ECLI:NL:CRVB:2019:2214
Centrale Raad van Beroep
- Hoger beroep
- Rechtspraak.nl
Niet-ontvankelijkverklaring van het beroep wegens te late indiening zonder verschoonbare termijnoverschrijding
In deze zaak heeft de Centrale Raad van Beroep op 27 juni 2019 uitspraak gedaan in hoger beroep tegen een eerdere uitspraak van de rechtbank Midden-Nederland. Het hoger beroep was ingesteld door appellant, vertegenwoordigd door drs. R.J. Dobbelaar, tegen het college van burgemeester en wethouders van Gooise Meren, vertegenwoordigd door mr. B. van Bon en E.C. van Leeuwen. De rechtbank had het beroep van appellant niet-ontvankelijk verklaard omdat het beroepschrift te laat was ingediend. Appellant had bezwaar gemaakt tegen zijn plaatsing in een functie bij de gemeente Gooise Meren en had verzocht om uitstel voor het indienen van de gronden van bezwaar. Ondanks het verlenen van uitstel door het college, heeft appellant het bestreden besluit niet tijdig afgehaald, wat leidde tot de niet-ontvankelijkverklaring van zijn beroep.
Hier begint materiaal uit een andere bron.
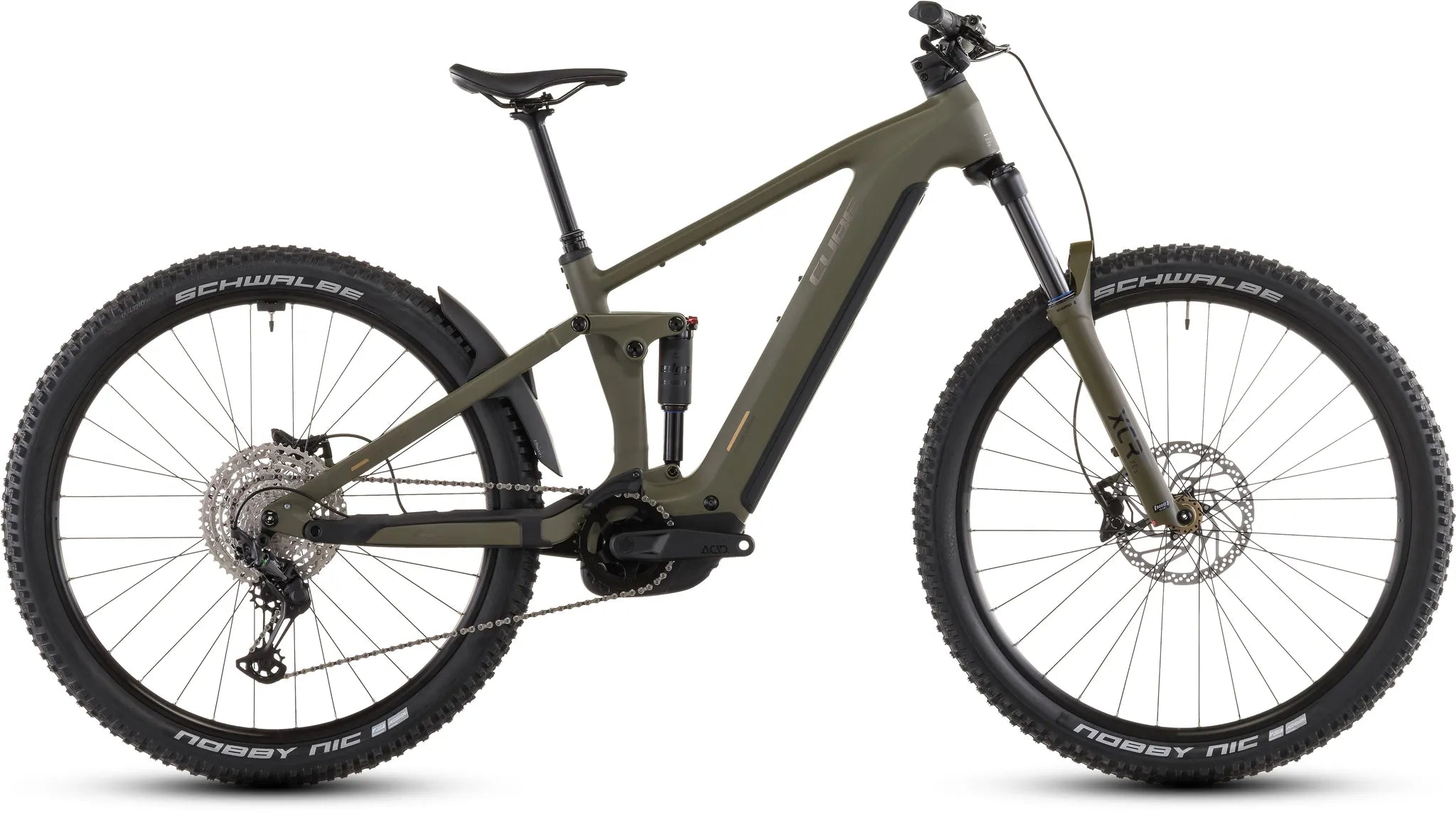 Cube Stereo Hybrid ONE44 Pro 800 dustolive´n´gold 2026Wer anspruchsvolle Trails im Sinn hat, hat vermutlich das Stereo Hybrid ONE44 Pro 800 unterm Sattel. Dank seiner 140 mm Luftfedergabel und dem passenden Dämpfer aus dem Hause Suntour kleben die geschmeidig rollenden Schwalbe Nobby Nic 2.6 Zoll Pneus förmlich auf dem Trail. Für den starken Vorwärtsdrang dieser Bergziege ist der Bosch CX Motor mit 800 Wh Akku und bis zu 100 Nm Drehmoment verantwortlich. Mit ihren 12 Gängen bringt die legendäre Shimano XT Schaltung diese Power top organisiert auf den Trail. Kraftvoll und präzise gebremst wird mit hydraulischen 4-Kolben-Shimano Scheibenbremsen mit 203 mm Rotoren. Clever: Dank Size Split finden alle die richtige Passform für sich und ihre Anforderungen. Außerdem gibt’s für einfaches Umrüsten – zum Pendeln und für entspannte Radtouren am Wochenende – diverse SIC 2.0 Aufnahmepunkte.
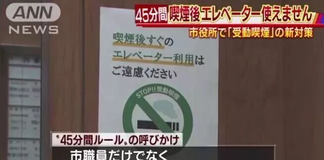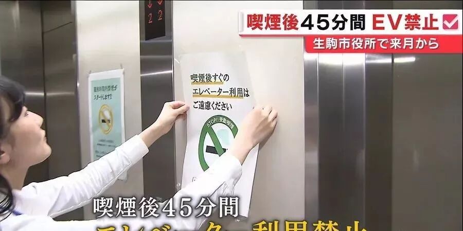 4月1日起,政府职员在吸烟后45分钟内不得乘电梯,
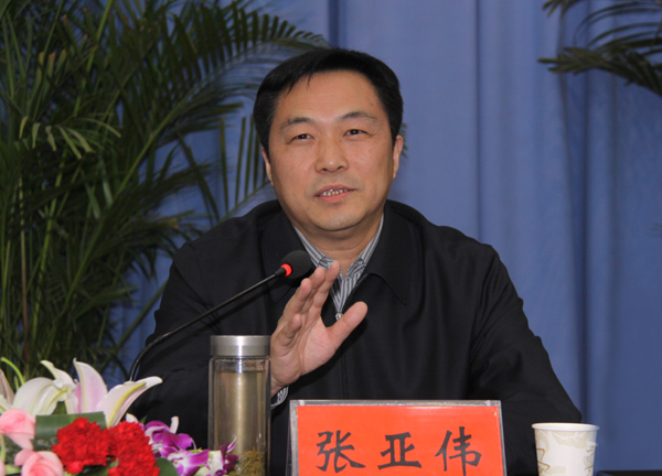 省委高校工委副书记张亚伟讲话。他希望调整到新岗位的领导同志要具有强烈的责任感和事业心,推动工作更上一个台阶。他希望学校认真落实九次党代会的精神,认真学习领会卢展工书记近日在高校调研时的重要讲话精神,按照“四个高地”、“四个驱动”的要求,主动地融入中原经济区的建设,发挥学校科技创新的优势,为中原经济区建设做出更大的贡献.。

De Raad overwoog dat de termijn voor het indienen van een beroepschrift zes weken bedraagt en dat deze termijn aanvangt op de dag waarop het besluit op de voorgeschreven wijze bekend is gemaakt. Appellant had betoogd dat de termijnoverschrijding verschoonbaar was, maar de Raad oordeelde dat appellant zelf verantwoordelijk was voor het tijdig afhalen van belangrijke poststukken, vooral gezien zijn afwezigheid door vakantie. De Raad bevestigde dat het college op juiste wijze had gehandeld door het bestreden besluit per aangetekende post te verzenden en dat er geen verplichting bestond om het besluit ook per gewone post of e-mail te verzenden.
De Raad concludeerde dat de omstandigheden die appellant aanvoerde niet voldoende waren om de termijnoverschrijding als verschoonbaar te beschouwen. Het hoger beroep van appellant werd dan ook afgewezen en de uitspraak van de rechtbank werd bevestigd. Er werd geen proceskostenveroordeling opgelegd.